Ding Dong | Cain&Clinton
The old truck came to an abrupt stop on the shitty parking lot pavement, the brakes were pretty fried. He really needed to get new ones, but Abel won’t give up any cash for him to get it done. Maggie had mentioned that she might know someone who could fix them, but He had to say he was doubtful because he couldn’t imagine Maggie knowing a huge amount of people. Cain pretty much rolled out of the driver's seat, almost forgetting to grab his keys. He brain was a bit foggy, he hadn’t had a since around 9 pm last night which meant he was approaching 20 hours of no booze in his system. He could survive, but it wasn’t a pleasant feeling either. Stomping up the stairs, the he honestly didn’t think would hold his weight he got to Clinton's door. This building was sketchy as it was, but Clinton's was like no one even lived there. It screamed “Don't bug me!!” and the only sign that someone was there at all was an old Folger's coffee can filled with old cigarette butts. “Hey! Asshole!”, he yelled as he pounded his fist against the door. Cain knew he could just walk in, but he had to admit he was terrified that if he just came in that he would see something he didn’t want to see (i.e a dead body) Plus, Cain never knew that if he caught him in the act of actually killing someone if he could keep it together.

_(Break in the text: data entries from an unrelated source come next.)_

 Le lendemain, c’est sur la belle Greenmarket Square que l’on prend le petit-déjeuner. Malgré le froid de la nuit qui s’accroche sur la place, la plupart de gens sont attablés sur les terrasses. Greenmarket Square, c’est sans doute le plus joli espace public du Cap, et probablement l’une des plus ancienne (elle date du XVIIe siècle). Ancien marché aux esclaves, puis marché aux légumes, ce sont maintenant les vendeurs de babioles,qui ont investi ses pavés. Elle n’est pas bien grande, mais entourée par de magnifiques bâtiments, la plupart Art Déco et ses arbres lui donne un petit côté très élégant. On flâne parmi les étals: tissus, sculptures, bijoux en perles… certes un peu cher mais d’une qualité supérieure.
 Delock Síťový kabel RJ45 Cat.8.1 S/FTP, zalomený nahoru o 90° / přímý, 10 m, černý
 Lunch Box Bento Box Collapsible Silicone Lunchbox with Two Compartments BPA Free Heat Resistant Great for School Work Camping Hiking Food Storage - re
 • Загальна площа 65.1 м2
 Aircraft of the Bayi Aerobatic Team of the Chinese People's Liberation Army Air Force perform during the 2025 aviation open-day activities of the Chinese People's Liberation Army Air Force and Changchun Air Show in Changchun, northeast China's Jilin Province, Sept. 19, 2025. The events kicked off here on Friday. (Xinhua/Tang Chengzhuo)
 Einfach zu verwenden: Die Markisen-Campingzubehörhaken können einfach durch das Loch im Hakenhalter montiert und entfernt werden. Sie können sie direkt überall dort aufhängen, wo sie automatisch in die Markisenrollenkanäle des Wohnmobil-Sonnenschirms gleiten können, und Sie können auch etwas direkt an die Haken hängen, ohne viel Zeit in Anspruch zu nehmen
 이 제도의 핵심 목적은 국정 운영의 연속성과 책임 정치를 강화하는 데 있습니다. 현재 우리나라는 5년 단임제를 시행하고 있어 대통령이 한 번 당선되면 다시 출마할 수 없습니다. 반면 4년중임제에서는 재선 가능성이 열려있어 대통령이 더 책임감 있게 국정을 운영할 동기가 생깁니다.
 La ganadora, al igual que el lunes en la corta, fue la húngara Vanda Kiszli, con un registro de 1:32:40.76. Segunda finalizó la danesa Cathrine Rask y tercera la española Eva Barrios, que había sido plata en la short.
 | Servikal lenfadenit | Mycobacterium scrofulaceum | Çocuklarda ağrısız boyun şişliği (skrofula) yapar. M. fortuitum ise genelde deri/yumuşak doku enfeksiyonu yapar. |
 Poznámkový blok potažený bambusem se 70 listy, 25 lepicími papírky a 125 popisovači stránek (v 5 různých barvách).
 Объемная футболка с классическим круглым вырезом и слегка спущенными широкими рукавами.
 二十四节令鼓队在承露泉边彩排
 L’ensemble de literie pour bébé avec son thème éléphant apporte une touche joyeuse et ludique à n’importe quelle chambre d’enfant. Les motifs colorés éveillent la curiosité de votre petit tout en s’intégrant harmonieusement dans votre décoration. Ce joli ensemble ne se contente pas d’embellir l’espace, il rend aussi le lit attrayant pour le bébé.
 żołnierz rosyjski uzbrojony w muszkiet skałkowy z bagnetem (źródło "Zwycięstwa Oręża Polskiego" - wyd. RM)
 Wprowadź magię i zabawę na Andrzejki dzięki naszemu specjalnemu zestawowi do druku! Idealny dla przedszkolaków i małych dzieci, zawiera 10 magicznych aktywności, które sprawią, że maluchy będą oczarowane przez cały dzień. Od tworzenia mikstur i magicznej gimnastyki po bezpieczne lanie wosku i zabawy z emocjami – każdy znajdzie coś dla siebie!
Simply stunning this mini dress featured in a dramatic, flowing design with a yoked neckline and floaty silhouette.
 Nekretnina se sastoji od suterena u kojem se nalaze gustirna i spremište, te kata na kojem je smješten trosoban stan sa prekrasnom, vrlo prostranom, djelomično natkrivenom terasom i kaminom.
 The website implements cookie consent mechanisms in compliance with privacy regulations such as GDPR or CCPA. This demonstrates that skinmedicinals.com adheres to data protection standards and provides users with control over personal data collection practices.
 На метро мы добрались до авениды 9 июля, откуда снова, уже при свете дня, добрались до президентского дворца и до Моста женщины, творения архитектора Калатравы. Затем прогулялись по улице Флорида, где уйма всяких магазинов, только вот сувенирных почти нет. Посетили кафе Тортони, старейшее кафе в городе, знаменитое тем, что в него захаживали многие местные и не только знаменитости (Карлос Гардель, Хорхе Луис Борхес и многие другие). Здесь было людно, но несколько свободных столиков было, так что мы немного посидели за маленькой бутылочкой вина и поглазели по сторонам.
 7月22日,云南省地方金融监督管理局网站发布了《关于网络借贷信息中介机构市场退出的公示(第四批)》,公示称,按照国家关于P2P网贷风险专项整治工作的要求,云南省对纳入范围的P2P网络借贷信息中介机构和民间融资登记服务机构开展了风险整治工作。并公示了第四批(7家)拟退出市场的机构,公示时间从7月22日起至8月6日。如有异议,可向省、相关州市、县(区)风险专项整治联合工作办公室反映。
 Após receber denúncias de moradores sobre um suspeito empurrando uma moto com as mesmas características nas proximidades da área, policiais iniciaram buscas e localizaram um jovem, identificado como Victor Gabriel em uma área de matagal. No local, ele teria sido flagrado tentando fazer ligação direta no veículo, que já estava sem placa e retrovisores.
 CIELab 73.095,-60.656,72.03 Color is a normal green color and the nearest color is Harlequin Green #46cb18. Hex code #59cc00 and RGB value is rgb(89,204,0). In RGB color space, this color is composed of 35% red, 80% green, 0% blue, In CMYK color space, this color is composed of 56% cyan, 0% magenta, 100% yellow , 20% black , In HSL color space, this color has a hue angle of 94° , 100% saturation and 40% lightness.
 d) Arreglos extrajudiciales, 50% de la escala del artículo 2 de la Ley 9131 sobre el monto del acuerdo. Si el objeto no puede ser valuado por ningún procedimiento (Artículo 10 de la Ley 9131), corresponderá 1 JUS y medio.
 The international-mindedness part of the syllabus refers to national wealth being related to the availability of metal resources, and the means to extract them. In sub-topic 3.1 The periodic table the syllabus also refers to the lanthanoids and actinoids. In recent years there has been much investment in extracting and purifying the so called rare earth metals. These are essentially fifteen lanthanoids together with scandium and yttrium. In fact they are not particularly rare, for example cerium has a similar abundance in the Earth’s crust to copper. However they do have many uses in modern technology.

Being impatient, he waited about 10 seconds before taking the chance and walking in. The apartment was dark and cold, ‘Maybe he has a hangover— I sure as hell do’. He made way to the kitchen and opened the fridge, it was pretty much empty which wasn’t entirely shocking but at least he had a few beers . “I know you’re here I saw your fucking ugly ass jeep!” That always got Clint fired up, talking badly about his ride got him pissed and usually would go on to ranting about Cain’s shitty truck. “Oh and I’m taking one of this beers. Since you don’t need it.” Cain slammed the fridge door shot and grabbed the bottle opener on the counter. Popping the cap off before taking a swig.
“This beer is shit. You need to get your tastebuds checked man “ It tasted more like piss than beer usually did, he looked over the bottle to see if it had an expiration date. Cain had no idea if alcohol even had any because everyone knew it wasn’t going bad around him.